- Born: 14 November 1953 (age 72) Leigh-on-Sea, Essex, England
- Occupation: Writer
- Writing career
- Genre: Thriller
- Website: www.timbowler.co.uk

= Tim Bowler =

English author (born 1953)

Tim Bowler (born 14 November 1953) is an author of books for teenagers and young adults. He won the 1997 Carnegie Medal from the CILIP, recognising the year's best children's book by a British subject, for the novel River Boy.
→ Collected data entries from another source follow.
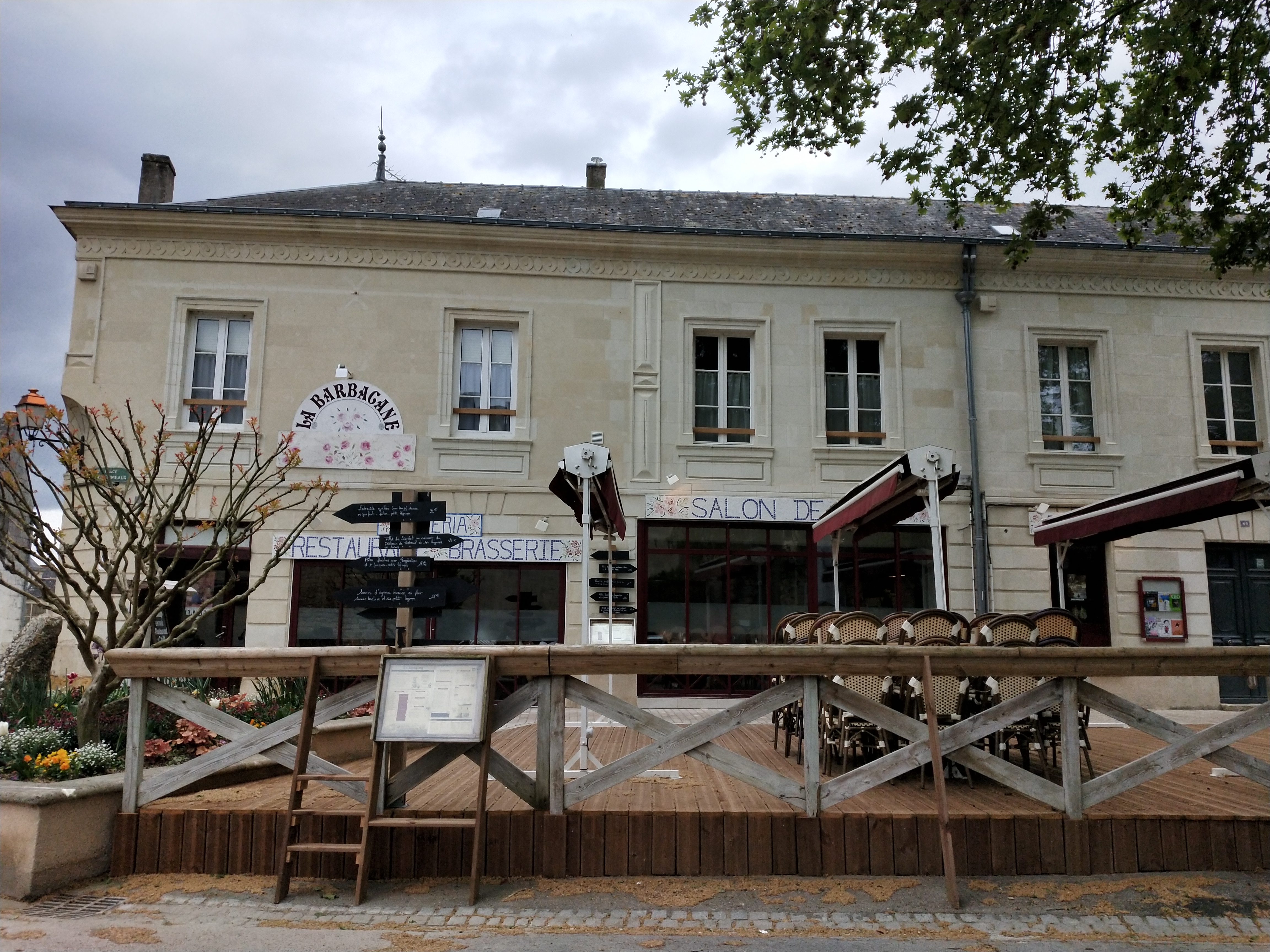 Quelle bel établissement en face du château de Montreuil Bellay. Nous y avons dégusté sur la terrasse ombragée une immense salade végétarienne composée des légumes et fruits de saison accompagnée d'un vin rosé de Saumur bien frais. Un grand moment de détente après la visite du château. Prix très démocratiques.
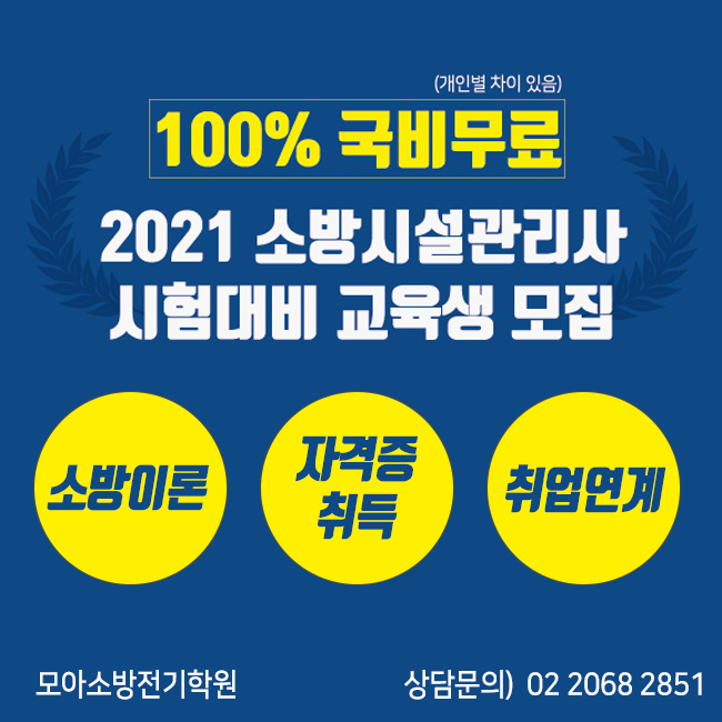 | 실업자 국비지원 "소방시설관리사1차 +2차 종합반" 교육생 모집 (0) | 2020.08.21 |
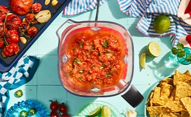 Pimentez votre soirée tacos avec cette recette de salsa au chipotle fumé Goûtez à cette salsa au chipotle fumé qui explose de saveurs. Utilisez votre mélangeur KitchenAid® Pure Puissance pour préparer une bonne quantité de cette salsa afin de rehausser vos tacos et nachos. -
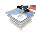 - Het afschuinen van de binnenkant van een gat in een keramische tegel doet u met een conische diamant boor frees van Montolit.

The Sunday Telegraph has called him "the master of the psychological thriller" and The Independent "one of the truly individual voices in voices in British teenage fiction".

==Biography==
Bowler was born in Leigh-on-Sea, and educated at the University of East Anglia where he studied Swedish and Scandinavian studies.

His first published novel was Midget (1994), a psychological thriller set in Leigh-on-Sea. This has been followed by several other novels: Dragon's Rock (1995), a thriller set in Devon; River Boy (1997), a story about love and bereavement and winner of the Carnegie Medal; Shadows (1999), a love story; Storm Catchers (2001), a kidnap thriller; Starseeker (2002), an exploration of love, loss and music, also made into a play; Apocalypse (2004), an allegory about the future of mankind; Frozen Fire (2006), a philosophical thriller about the nature of reality; Bloodchild (2008), a story about memory, secrets and betrayal; Buried Thunder (2011), a dark psychological thriller; and Sea of Whispers (2013), a haunting and mysterious story set on the remote island of Mora.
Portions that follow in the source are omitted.